(Stored records)
◇ ◇ ◇ ◇
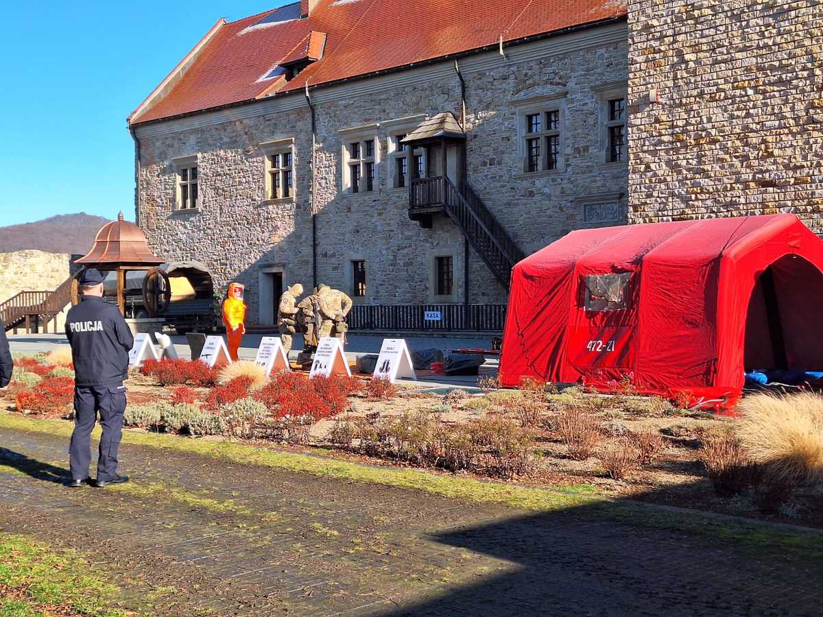 Na terenie sanockiego Muzeum Historycznego odbyły się ćwiczenia ”Alert MCI 2025”. Manewry miały na celu doskonalenie współdziałania służb odpowiedzialnych za bezpieczeństwo i zarządzanie kryzysowe w sytuacji wystąpienia działań o charakterze terrorystyczno - dywersyjnym na terenie obiektów użyteczności publicznej.
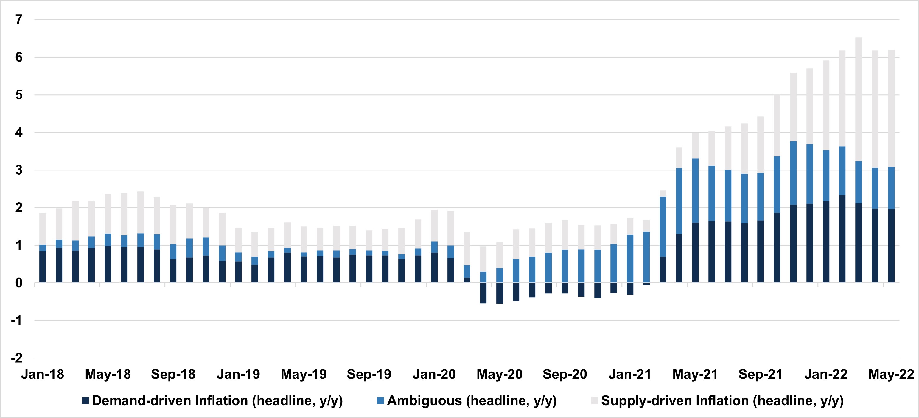As you can see from the graph below, in May roughly 2% of the 6.3% headline PCE (personal consumption expenditures) in the US is as a result of demand-driven factors. Around 3.1% is supply driven while about 1.1% is ambiguous. Given that only 2%, or less than one third, of headline PCE inflation can be targeted by central banks, they will have to decimate demand to bring inflation down to anywhere near the 2% mark.
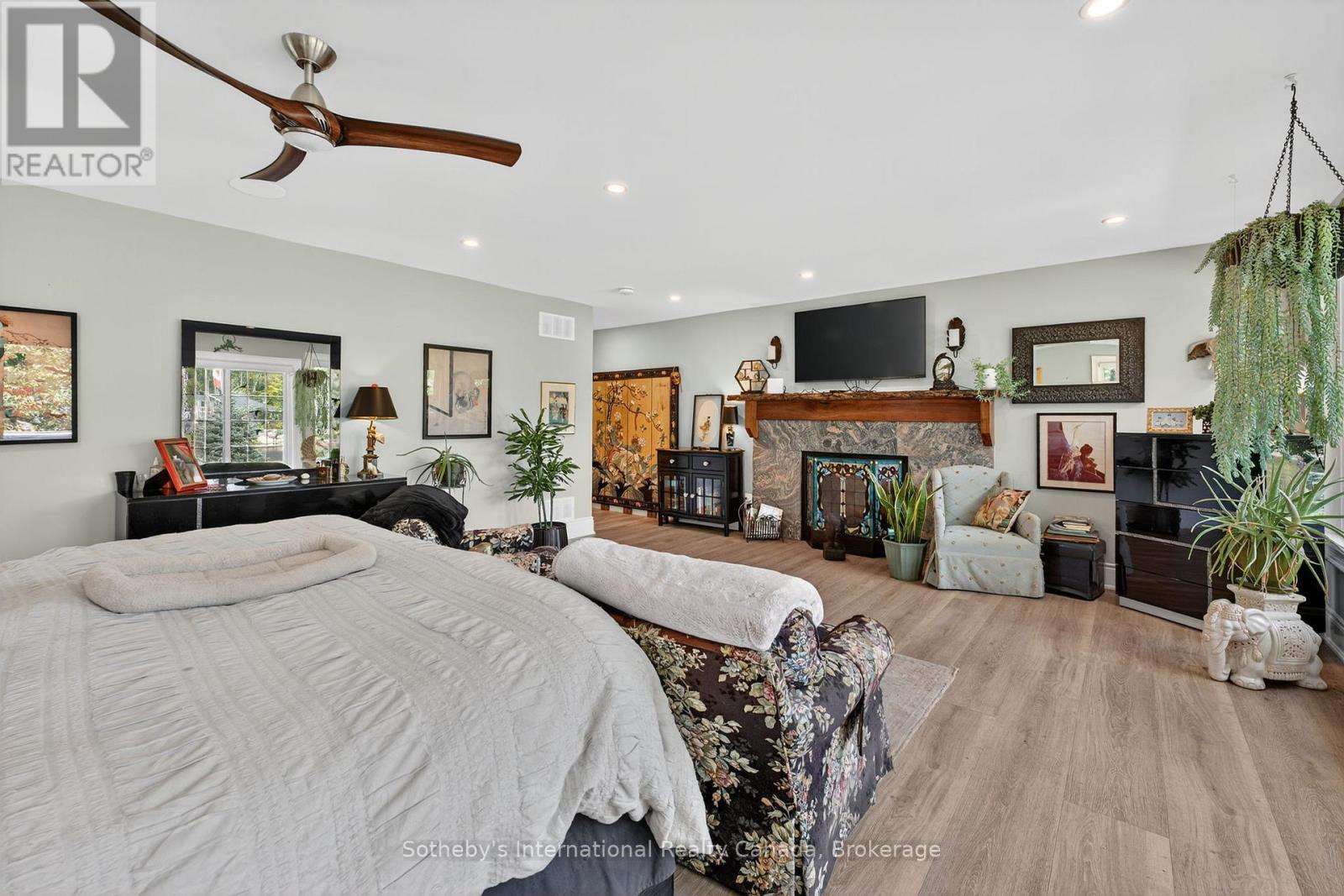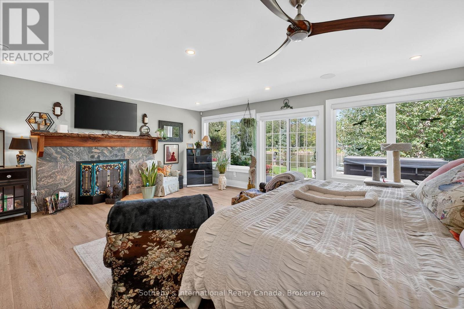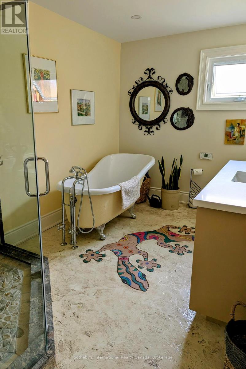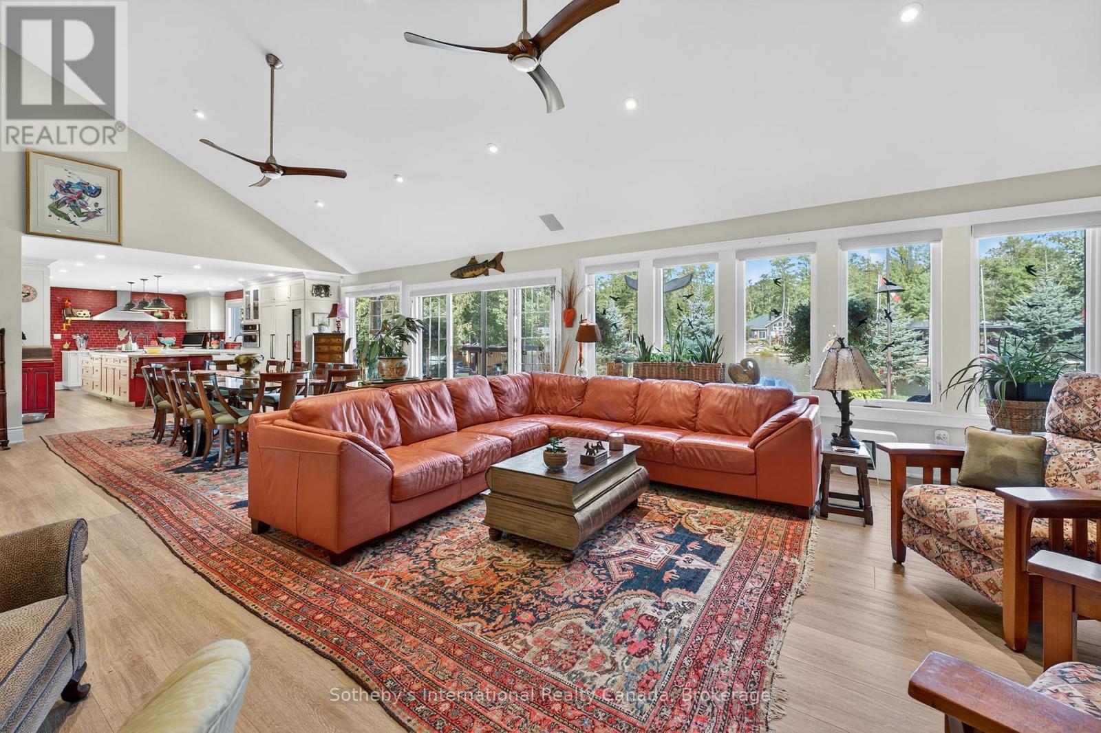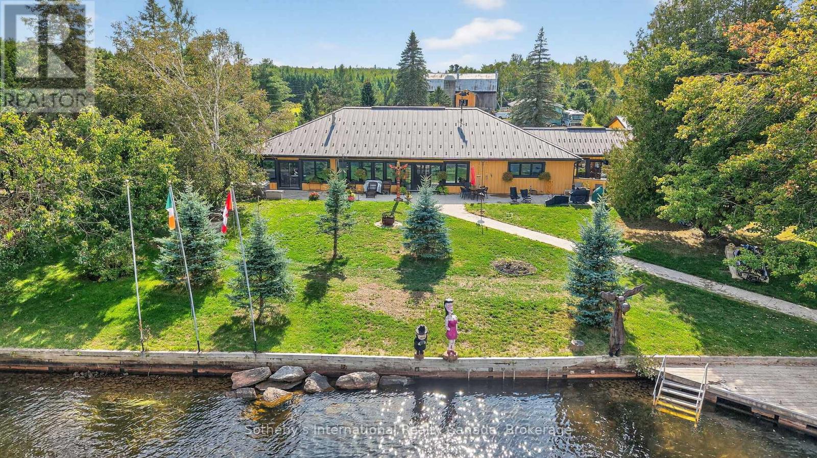 Muskoka Riverfront Masterpiece - Where History Meets Modern Luxury. Welcome to an extraordinary 4,000 sq. ft. bungalow where Muskoka history meets luxury. Set on 3.5 acres of flat, manicured land along the Muskoka River, this one-of-a-kind estate offers the perfect blend of historical character and upscale living all just minutes from downtown Bracebridge. Inside, the home features 5 spacious bedrooms, 3 luxurious bathrooms, and expansive living spaces designed for both relaxation and entertaining. A chefs kitchen is at the heart of the home, fully outfitted for gourmet cooking and gatherings, complemented by a formal dining area that seats 12.Step outside and immerse yourself in your own private resort experience: a fiberglass inground pool, commercial-grade poolside kitchen hut, outdoor hot tub, and a private sauna for ultimate relaxation. A 1-slip boathouse provides direct river access, with just a few minutes boat ride to the open waters of Lake Muskoka. For the car enthusiast or hobbyist, the property includes a 3-bay detached garage with mechanics lifts, plus an attached garage for added convenience. And as a final touch of history and character, a beautifully preserved 1886 barn stands proudly on the property a rare and meaningful piece of Muskoka's heritage. This is more than just a waterfront home; its a work of art, a sanctuary, and a true legacy property in the heart of Muskoka. (id:56991)
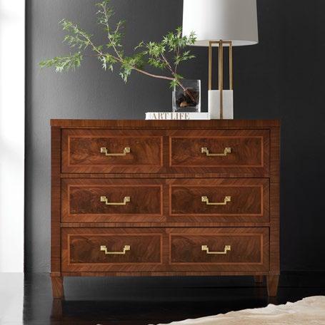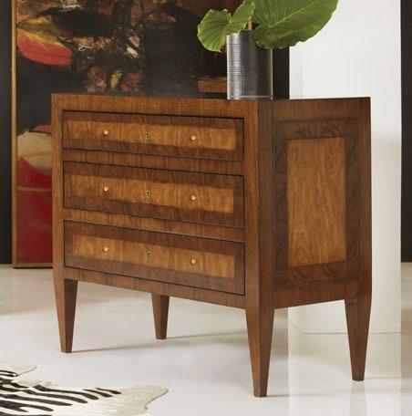 From the fine craftsmanship of traditional inlay to the pleasing combination of walnut and olive ash burl and solid brass accents, this chest is a modern masterpiece.
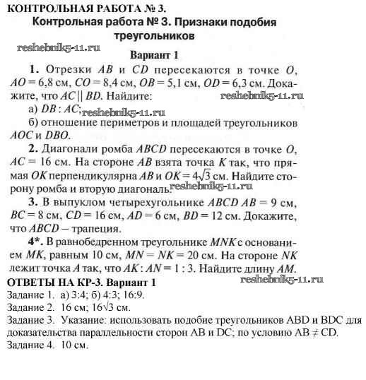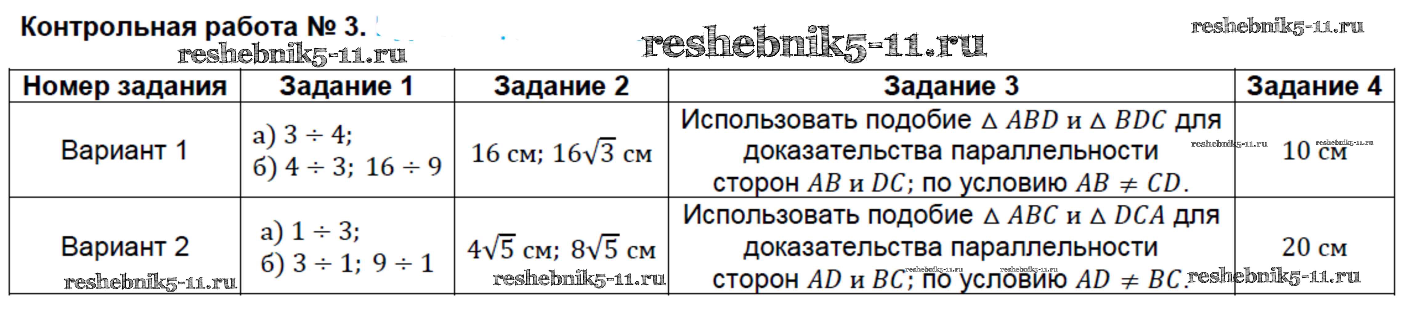 Готовая домашняя работа с ответами по Геометрии за 8 класс Гаврилова Контрольно-измерительные материалы (КИМ) ВАКО 2018 ФГОС - Контрольные работы КР-3
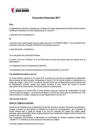 Le présent rapport propose à la Commission Permanente de décider d'attribuer une subvention à l'association Alter Alsace Energies pour l'accompagnement de la démarche "Bonus Energie dans les collèges".
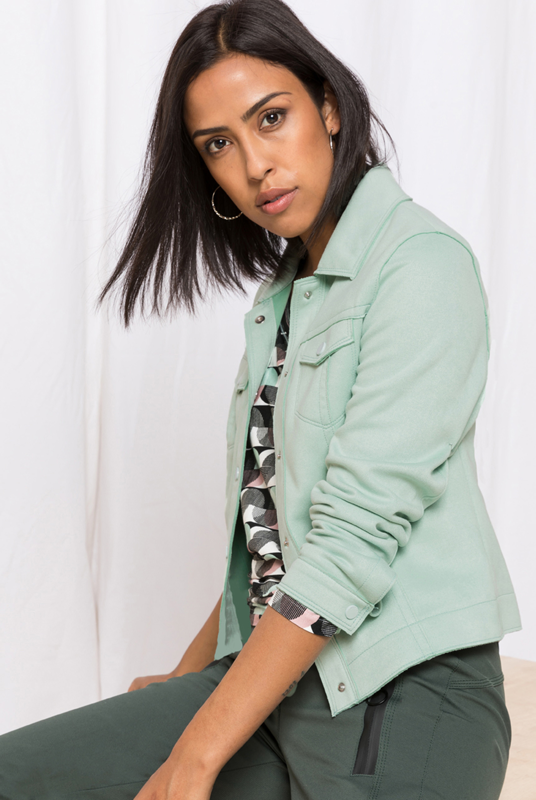 Приталенный жакет нежного мятного оттенка. Воротник с отворотами. Втачной рукав полной длины с манжетой на пуговице. Накладные карманы на груди. Застежка на клепки.
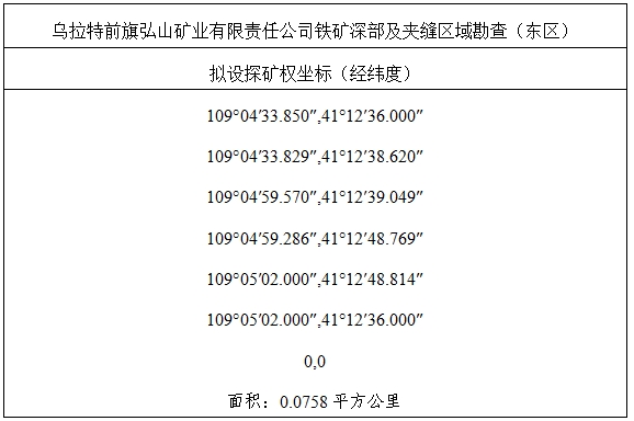 关于乌拉特前旗弘山矿业有限责任公司铁矿深部及夹缝区域勘查(东区)探矿权的协议出让公示
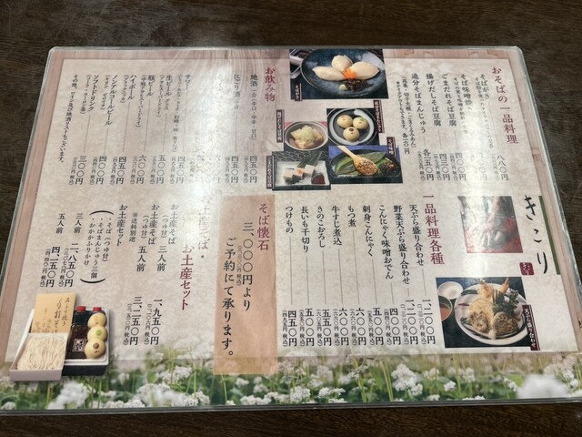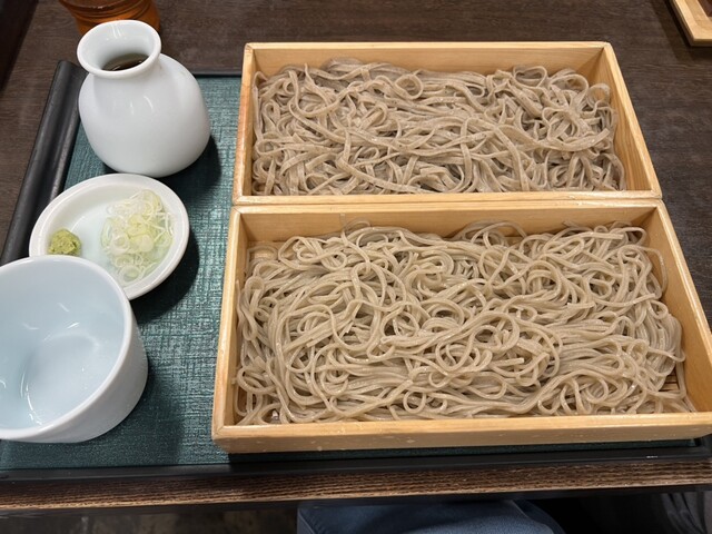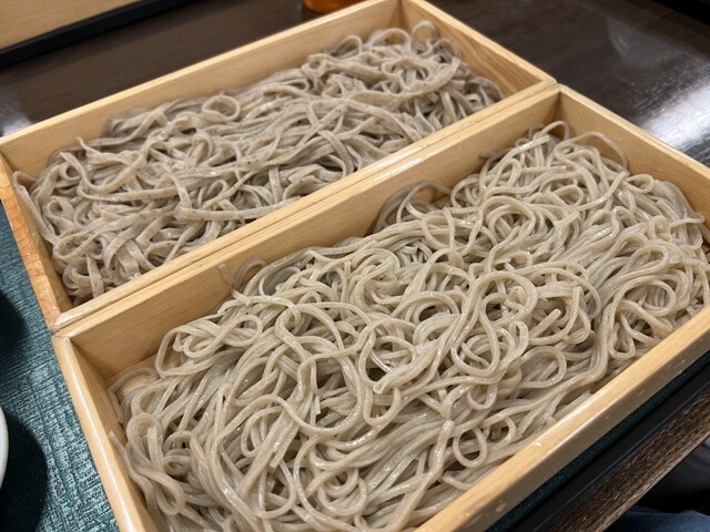 更科そば又は田舎そばを選び二種類の蕎麦を楽しめるメニュー。
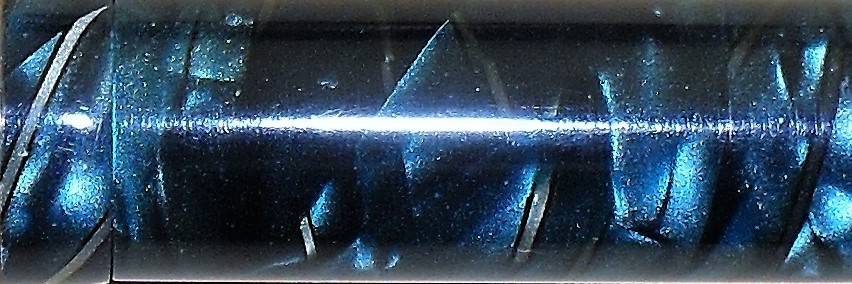 Esempio di celluloide di categoria Riproduzione di trame minerali e tipo Celluloide marmo tratteggiato - Hatched marbled, chiamata normalmente marmorizzata blu tratteggiata argento. Relativo ad una Astura. Estratto da questa immagine. Esempio realizzato da Esme, (utente forum Esme e utente wiki User:Esme).
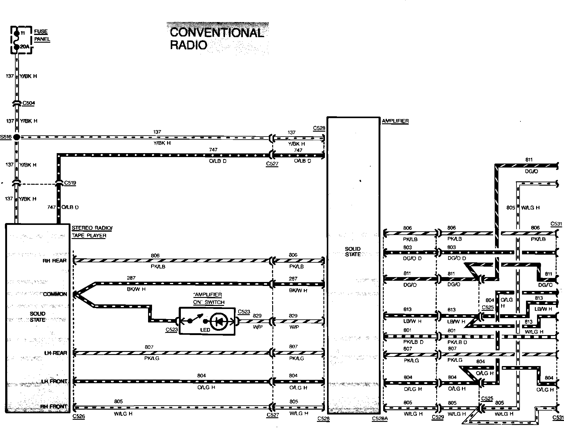 Fig. 29 Radio & Speaker Wiring Circuit (Part 1 of 2). 1984 Tempo & Topaz With Conventional Stereo Radio & Premium Sound:
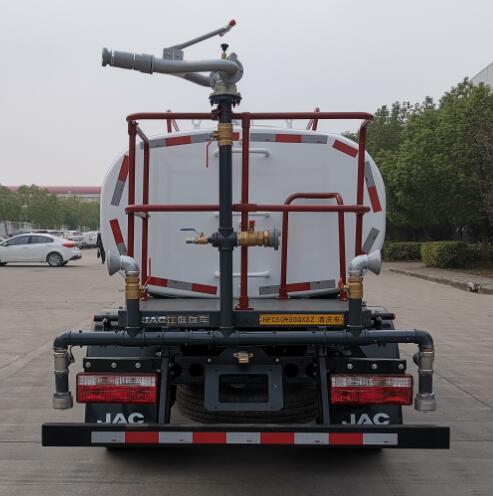 ABS型号:CM4XL-4S/4M,VIE ABS-Ⅱ;ABS生产企业:广州瑞立科密汽车电子股份有限公司,浙江万安科技股份有限公司;选装描述:随底盘选装改前围面板,进气格栅,前组合灯具的驾驶室;选装雾炮;仅选用底盘轴距3365mm;侧后防护情况:材料/连接方式:Q235/螺栓连接,后下部防护装置断面尺寸(高×宽)/离地高度(mm):100×50/440;罐体有效容积(立方米)、罐体外形尺寸(mm):1.11立方米,(长轴×短轴×长)(mm):1700×1040×3000(其中罐体前端1280mm用来安装高压泵,800mm为工具箱);专用功能及装置:装备有水罐、水路及作业装置,用于城镇环境清洗及清洁作业;前伸尺寸:100mm; |
◇ ◇ ◇ ◇
Brief: Output the entries above verbatim, with no picture included.

Completed task:
 Na terenie sanockiego Muzeum Historycznego odbyły się ćwiczenia ”Alert MCI 2025”. Manewry miały na celu doskonalenie współdziałania służb odpowiedzialnych za bezpieczeństwo i zarządzanie kryzysowe w sytuacji wystąpienia działań o charakterze terrorystyczno - dywersyjnym na terenie obiektów użyteczności publicznej.
As you can see from the graph below, in May roughly 2% of the 6.3% headline PCE (personal consumption expenditures) in the US is as a result of demand-driven factors. Around 3.1% is supply driven while about 1.1% is ambiguous. Given that only 2%, or less than one third, of headline PCE inflation can be targeted by central banks, they will have to decimate demand to bring inflation down to anywhere near the 2% mark.
 Muskoka Riverfront Masterpiece - Where History Meets Modern Luxury. Welcome to an extraordinary 4,000 sq. ft. bungalow where Muskoka history meets luxury. Set on 3.5 acres of flat, manicured land along the Muskoka River, this one-of-a-kind estate offers the perfect blend of historical character and upscale living all just minutes from downtown Bracebridge. Inside, the home features 5 spacious bedrooms, 3 luxurious bathrooms, and expansive living spaces designed for both relaxation and entertaining. A chefs kitchen is at the heart of the home, fully outfitted for gourmet cooking and gatherings, complemented by a formal dining area that seats 12.Step outside and immerse yourself in your own private resort experience: a fiberglass inground pool, commercial-grade poolside kitchen hut, outdoor hot tub, and a private sauna for ultimate relaxation. A 1-slip boathouse provides direct river access, with just a few minutes boat ride to the open waters of Lake Muskoka. For the car enthusiast or hobbyist, the property includes a 3-bay detached garage with mechanics lifts, plus an attached garage for added convenience. And as a final touch of history and character, a beautifully preserved 1886 barn stands proudly on the property a rare and meaningful piece of Muskoka's heritage. This is more than just a waterfront home; its a work of art, a sanctuary, and a true legacy property in the heart of Muskoka. (id:56991)
 From the fine craftsmanship of traditional inlay to the pleasing combination of walnut and olive ash burl and solid brass accents, this chest is a modern masterpiece.
 Готовая домашняя работа с ответами по Геометрии за 8 класс Гаврилова Контрольно-измерительные материалы (КИМ) ВАКО 2018 ФГОС - Контрольные работы КР-3
 Le présent rapport propose à la Commission Permanente de décider d'attribuer une subvention à l'association Alter Alsace Energies pour l'accompagnement de la démarche "Bonus Energie dans les collèges".
 Приталенный жакет нежного мятного оттенка. Воротник с отворотами. Втачной рукав полной длины с манжетой на пуговице. Накладные карманы на груди. Застежка на клепки.
 关于乌拉特前旗弘山矿业有限责任公司铁矿深部及夹缝区域勘查(东区)探矿权的协议出让公示
 更科そば又は田舎そばを選び二種類の蕎麦を楽しめるメニュー。
 Esempio di celluloide di categoria Riproduzione di trame minerali e tipo Celluloide marmo tratteggiato - Hatched marbled, chiamata normalmente marmorizzata blu tratteggiata argento. Relativo ad una Astura. Estratto da questa immagine. Esempio realizzato da Esme, (utente forum Esme e utente wiki User:Esme).
 Fig. 29 Radio & Speaker Wiring Circuit (Part 1 of 2). 1984 Tempo & Topaz With Conventional Stereo Radio & Premium Sound:
 ABS型号:CM4XL-4S/4M,VIE ABS-Ⅱ;ABS生产企业:广州瑞立科密汽车电子股份有限公司,浙江万安科技股份有限公司;选装描述:随底盘选装改前围面板,进气格栅,前组合灯具的驾驶室;选装雾炮;仅选用底盘轴距3365mm;侧后防护情况:材料/连接方式:Q235/螺栓连接,后下部防护装置断面尺寸(高×宽)/离地高度(mm):100×50/440;罐体有效容积(立方米)、罐体外形尺寸(mm):1.11立方米,(长轴×短轴×长)(mm):1700×1040×3000(其中罐体前端1280mm用来安装高压泵,800mm为工具箱);专用功能及装置:装备有水罐、水路及作业装置,用于城镇环境清洗及清洁作业;前伸尺寸:100mm; |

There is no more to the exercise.